The stop is the opposite of clearance: there you want firm contact, zero gap, so the turn halts exactly at the locked position and not a hair before or after. Draw the stop boss with material to spare and let the FDM bias work in your favour: the stop is a positive feature, a boss, and positives grow through over-extrusion and elephant's foot, so a stop drawn just right will come out a shade tighter — just what you're after.
Don't expect to nail it first time by calculation alone. Calibrate with a test coupon: print two or three marked cradles with the tab clearance stepped 0.05 mm at a time, and try by hand which one enters, turns and locks with the feel you want. That's your number, and you reuse it as long as you don't change material, nozzle or profile — speed, cooling and temperature also move the bias, so redo the coupon if you overhaul the slicer settings. How to choose between "slides freely" and "slides without play" for your particular case is worked out in Choosing the fit: clearance, transition, interference.
Cradles, adapters and handlebar clamps
With the geometry measured and the clearance calibrated, the same interface gives rise to several parts.
The basic cradle is the female we've just described: you fix it with screws or tape to a surface and it receives the device. It's the easiest to print well because all the retention is continuous material with the mating face up.

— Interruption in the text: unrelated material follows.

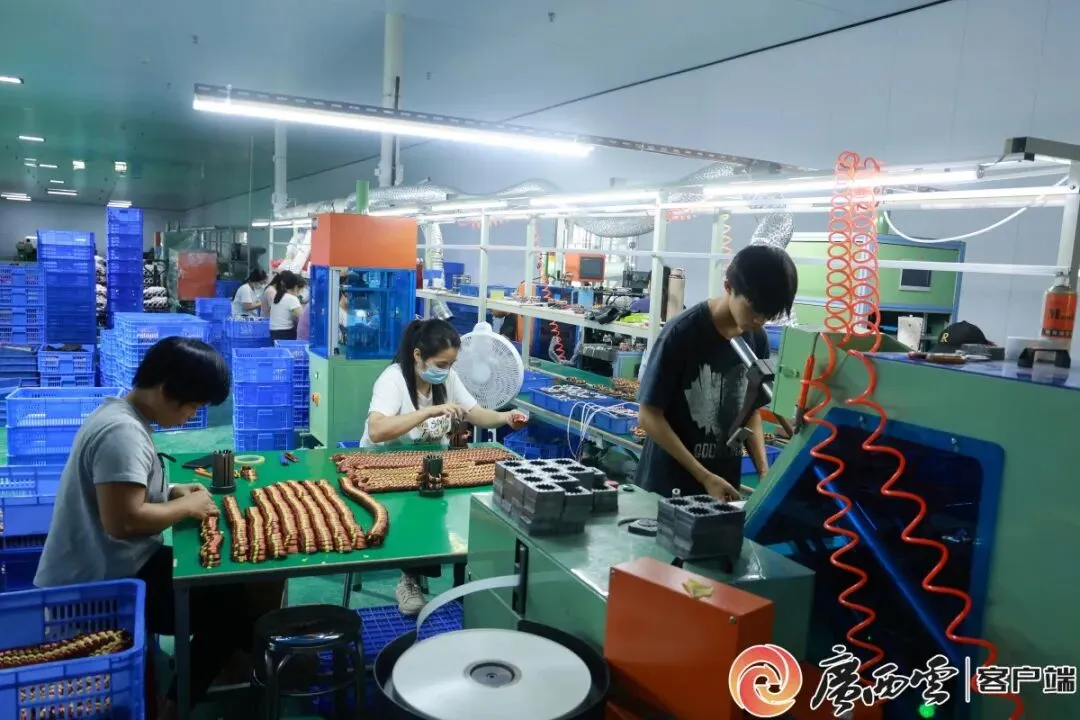 1月15日,在广西东兴产业园区,东兴市亿鑫电器制造有限公司崭新的厂房里,传送带匀速移动,两侧工人熟练地连接内部引线、安装接线盒……

The 1/4" adapter brings the Garmin mount onto the tripod and camera standard: a Garmin cradle on one side and, on the other, a hole for the 1/4"-20 screw. There it pays to use a metal threaded insert rather than tapping the plastic, because a printed 1/4" thread wears and strips. That makes the seat for the insert worth designing with care. The thread itself is covered in Tripod thread: 1/4"-20 and 3/8"-16.

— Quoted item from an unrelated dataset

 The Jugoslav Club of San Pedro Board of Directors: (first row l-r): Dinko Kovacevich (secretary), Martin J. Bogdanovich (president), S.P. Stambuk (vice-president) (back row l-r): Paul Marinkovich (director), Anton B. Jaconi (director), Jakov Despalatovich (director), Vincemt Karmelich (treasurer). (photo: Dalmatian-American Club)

The handlebar adapter replaces the official clamp: a Garmin cradle on a flange or half-shell that wraps the tube. Here orientation matters twice over — that of the mating face, for the reason already given, and that of the flange, whose layers should not run across the clamping force of the screw. Sometimes you won't be able to optimise both at once in the same print; prioritise the mating face, because that's the one holding the device, and reinforce the flange with perimeters.

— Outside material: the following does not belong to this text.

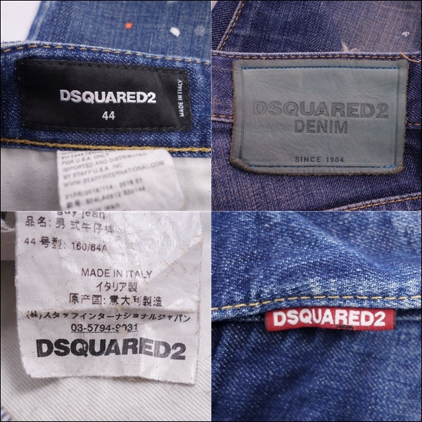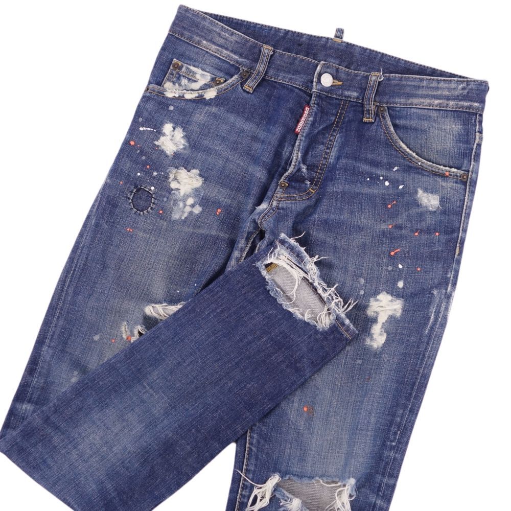 | 美品 ディースクエアード DSQUARED2 パンツ デニムパンツ ダメージ加工 コットン ボトムス メンズ 44 インディゴブルー |

In all three cases the failure mode is the same: the part splits along a layer under the locking torque, or the device wobbles from too much clearance. Choose a plastic that stands up to the sun, measure a real mount, orient the mating face up, and calibrate the tab with a test coupon. Do that, and all three parts fit first time. If this is the first time you've translated a dimension into a printed gap, start with Real printed clearances and come back here with your measured number. If you like this kind of shape-based retention, GoPro mount: ears, fingers, and screw belongs to the same family — ears that snap along the layer.